What if the single word “hell” we use today and associate as “hell” (a place of fiery, eternal torture) is actually not found in the Bible—nowhere, and in no manuscripts? It’s true.

What if, in fact, much of modern Christianity’s convenient love affair with a hell of flames, wrath, and demons comes much more from the influence of Dante’s “Inferno” than ever could be derived from the true words of Jesus?

What if hell is actually a reality experienced in the presence of God, not apart from Him like commonly taught? In fact, two writers in Scripture describe this very notion: “The same shall drink of the wine of the wrath of God, which is poured out without mixture into the cup of his indignation; and he shall be tormented with fire and brimstone in the presence of the holy angels, and in the presence of the Lamb,”  and “If I ascend up into heaven, thou art there: if I make my bed in hell, behold, thou art there.” 

What if hell is not the result of God doing something contrary to His nature (love), but rather doing more of it? In fact, the Greek word for “wrath” in the New Testament is the word “orge.” Unfortunately, the way this word has been translated has been shaped greatly by our pre-existing concepts of God as being angry, temperamental, and hell-bent on punishing. The word “orge” actually means “any intense emotion.” It’s from where we get words like “orgy” and “orgasm.” At its core, “wrath” has to do with a very strong passion—not even associated to anger. In fact, the root of “orge” actually means “to reach out in a straining fashion for something that you long to possess.” 

What if the wrath of God is not Him pouring out anger, vengeance, or retaliation, but rather His furious love—grasping, reaching, shaking to possess every person that they might experience His Grace?

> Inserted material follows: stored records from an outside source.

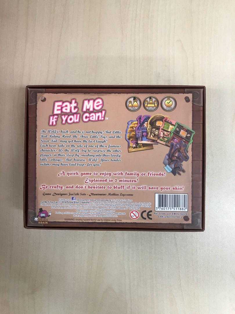 In Eat Me, If You Can, the wolf player tries to eat one of the other players to score points while the players, being prey, score by trapping the wolf. In each round, one player is the wolf and the other players are given Little Red Riding Hood (worth 3 points), Mother Pig (2 points), or a little piggy (1 point). Each non-wolf player then secretly chooses one of two cards in hand: Will the player sleep and rest, hoping not to be disturbed by the wolf? Or will the player set up a trap, thinking that the wolf will be coming for her? Once the players lay down their cards, the wolf chooses one of the players. If this player went to sleep, the wolf takes points from this player equal to the value of her character; if she set up a trap, on the other hand, she takes points from the wolf. Everyone else who rested this round scores points from the bank for their character — but only if they got their beauty sleep!
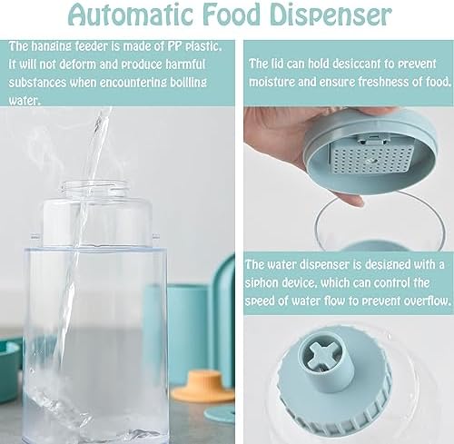 【Two Ways To Use】Automatic rabbit feeder can be either placed on the ground or hung on the cage. Knob hanging cage design, just snap the swivel buckle onto the cage and you can hang it securely on the cage. And you can refill foods and water from the outside, very convenience.
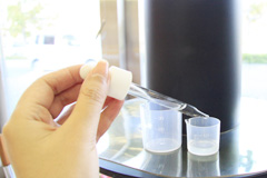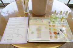 香りの体験コーナーパソコンで自分に相応しい香りを診断し香りを調合して、オリジナルの香りが創作できます。 さらに、香水瓶に絵付けをしたり、サンドブラスターを使って香水瓶の表面に加工したりして、世界に一つしかない自分だけの香り創りにチャレンジできます。
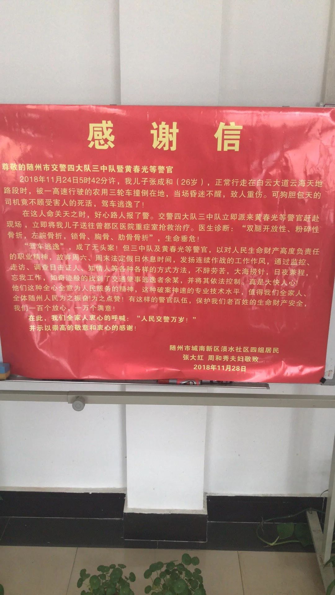 一张很大的大红“喜报”式感谢信
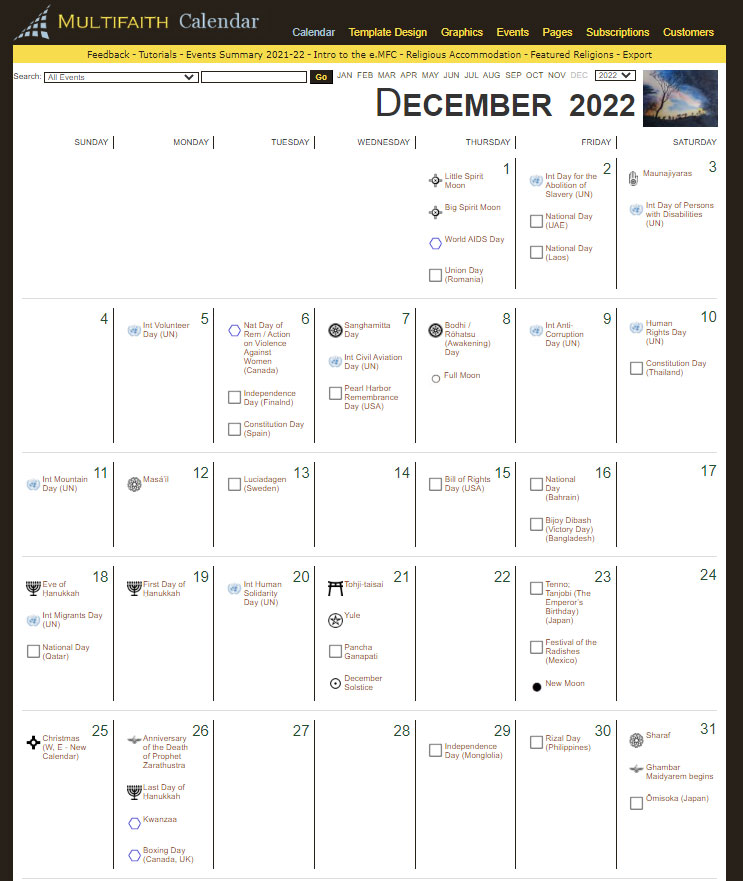 » Integrated search function lets you find specific events quickly and easily. » Show or hide any of the categories (i.e. faith, astronomical, UN, etc.) in the Calendar... it's your choice!
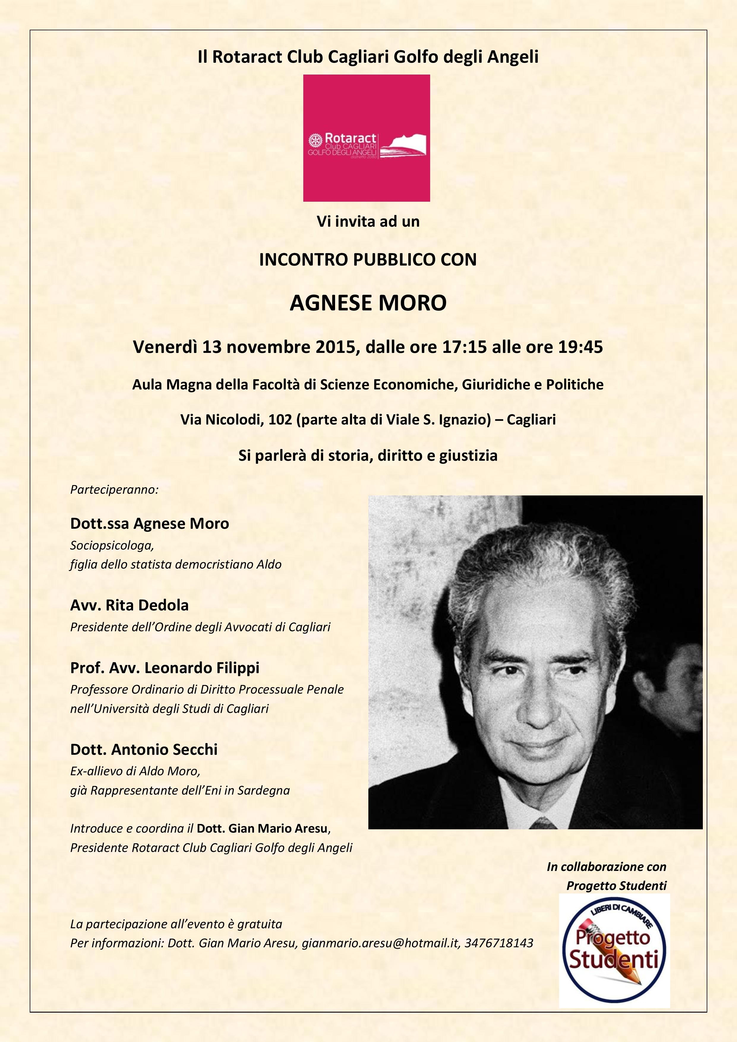 Oltre ad Agnese Moro, sociopsicologa, parteciperanno il presidente dell’Ordine degli Avvocati di Cagliari, Rita Dedola, l’avvocato Leonardo Filippi, ordinario di Diritto processuale penale nell’Ateneo di Cagliari, e Antonio Secchi, già rappresentante dell’Eni in Sardegna ed ex-allievo di Aldo Moro. Introduce e coordina i lavori Gian Mario Aresu, presidente del Rotaract Club Cagliari Golfo degli Angeli.
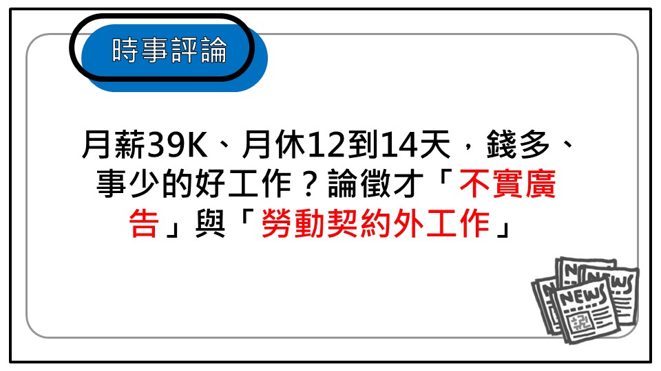 月薪39K、月休12到14天,錢多、事少的好工作?論徵才「不實廣告」與「勞動契約外工作」月薪39K、月休12到14天,錢多、事少的好工作?論徵才「不實廣告」與「勞動契約外工作」
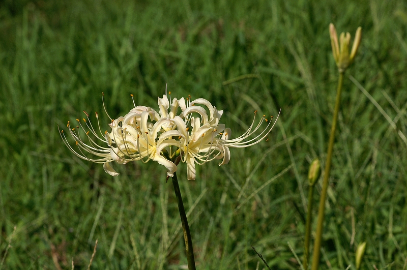 ヒガンバナの白化種。根際から生える葉は線形である。ヒガンバナよりも太い。 ヒガンバナ同様、葉のある時期には花は咲かず、花期には葉がない。
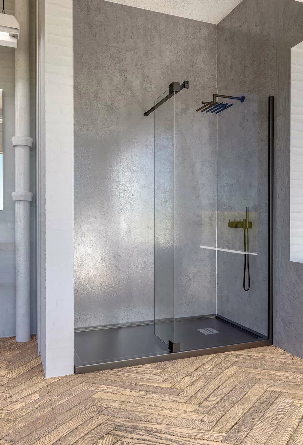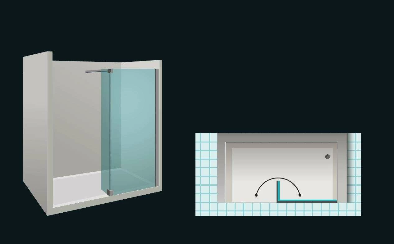 - die ausgeschriebene Walk-In Duschwand mit Pendelteil
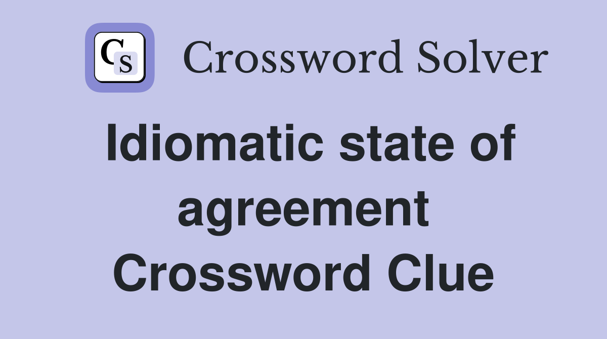 Idiomatic state of agreement Crossword Clue Answers Crossword Solver
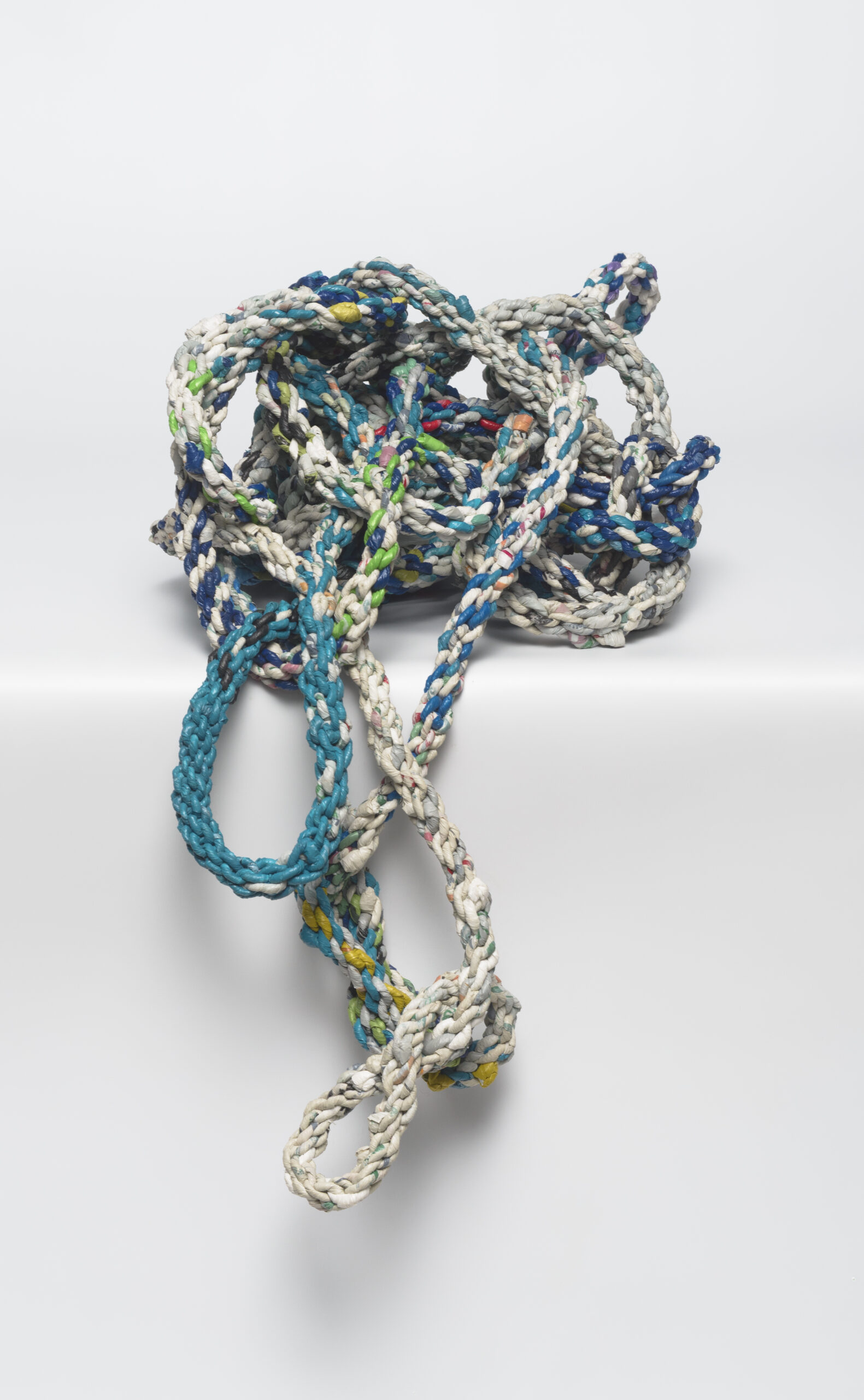 Over eight meters long, the rope is woven from local plastic shopping bags using a peanut butter jar lid as a loom. I wove this rope while grasping for sanity and exploring the archival process of forgetting.
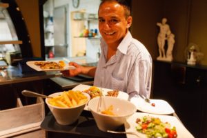 Rhodos Palace heeft veel vaste gasten, sommigen al van de tweede generatie. Niet zo heel gek wanneer je goede gerechten serveert die exact zo smaken als in Griekenland. Eigenaar Sotiris Kontzes legt uit: ‘De kwaliteit van ons eten is zo belangrijk dat wij alleen de beste producten inkopen. Onze authenticiteit behouden we ook door wijnen, olijven en andere ingrediënten uit Griekenland te serveren.’ In de keuken vind je Griekse koks, ze kunnen dus eigenlijk alles wel bereiden. De Griekse keuken draait veel om vlees, maar bevat ook een rijk aanbod aan vis en groenten. Populair zijn de grillgerechten zoals Gyros, Soiuvlaki en Bifteki.Eigenaar Sotiris Kontzes

What if hell is the experience of religious-hearted people who despise the pure Grace of God and His unconditional love and inclusion of all people into Himself and the Kingdom? In the eternal presence of the white-hot love of God forever flowing out as a river from His throne (Daniel 7:10), their souls are scorched with frustration, rage, and torment as their self-righteousness, conditional love, and religious arrogance, bigotry, and intolerance are exposed—stripped, and rendered powerless and evil. All of it deemed as filthy rags fit for the lake of God’s all consuming fire—the blistering flames of Grace. The presence of all people of every color, gender, orientation, stronghold, sin, and creed sends them into legalistic episodes of uncontainable protest and rage—how can this be, how is this fair, how dare the cross include all of these? Resigned to spend an eternity in the presence of pure Grace, the only way it becomes heaven for them is to do what many will refuse—to repent of their demonizing of God, their worship of the Scriptures, and their own legalistic understandings of it all to the exclusion of truly knowing Jesus and His heart. For the same Grace and love that will be experienced as heaven by many, will be a sure torturous hell for some. Jesus forever flips over the tables yet again, and those whom religion joyously sends to the curb are given a prized seat of bliss, and those whom religion gives elite privilege are found to be pouting and wallowing forever in religious disgust.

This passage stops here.